WHAT TO PRODUCE: Leave the pictures aside and copy all the data exactly.

RECORDED DATA:
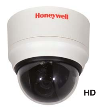
H3W1F1X shown with mounting ring for surface mount
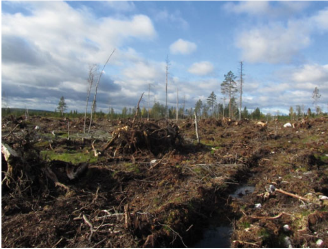
Fig. 18.1 Forest stand subjected to clear-felling and stump harvest.

Jonsson et al., 2005; Kouki & Salo, 2020; Kuuluvainen, 2009; Paillet et al., 2010; Siitonen, 2001; Stenbacka et al., 2010). Forests are the most important habitat for red-listed and threatened species in Sweden and Finland. In Finland, 32% (2,133 species) of red-listed species are forest dwelling (Hyvärinen et al., 2019). Similarly, 43% (2,041 species) of the red-listed species in Sweden are forest dwelling (Artdatabanken, 2020). The species most negatively affected by silviculture are old-growth specialists dependent on a long forest continuity and old trees and species associated with deciduous trees (Artdatabanken, 2020; Bernes, 2011; Hyvärinen et al., 2019). Efforts to mitigate these adverse effects on biodiversity have been introduced to limit the harmful effects of the prevailing forestry practices on species and habitats.

ANSWER TO THIS PROBLEM:
H3W1F1X shown with mounting ring for surface mount
Fig. 18.1 Forest stand subjected to clear-felling and stump harvest.

Jonsson et al., 2005; Kouki & Salo, 2020; Kuuluvainen, 2009; Paillet et al., 2010; Siitonen, 2001; Stenbacka et al., 2010). Forests are the most important habitat for red-listed and threatened species in Sweden and Finland. In Finland, 32% (2,133 species) of red-listed species are forest dwelling (Hyvärinen et al., 2019). Similarly, 43% (2,041 species) of the red-listed species in Sweden are forest dwelling (Artdatabanken, 2020). The species most negatively affected by silviculture are old-growth specialists dependent on a long forest continuity and old trees and species associated with deciduous trees (Artdatabanken, 2020; Bernes, 2011; Hyvärinen et al., 2019). Efforts to mitigate these adverse effects on biodiversity have been introduced to limit the harmful effects of the prevailing forestry practices on species and habitats.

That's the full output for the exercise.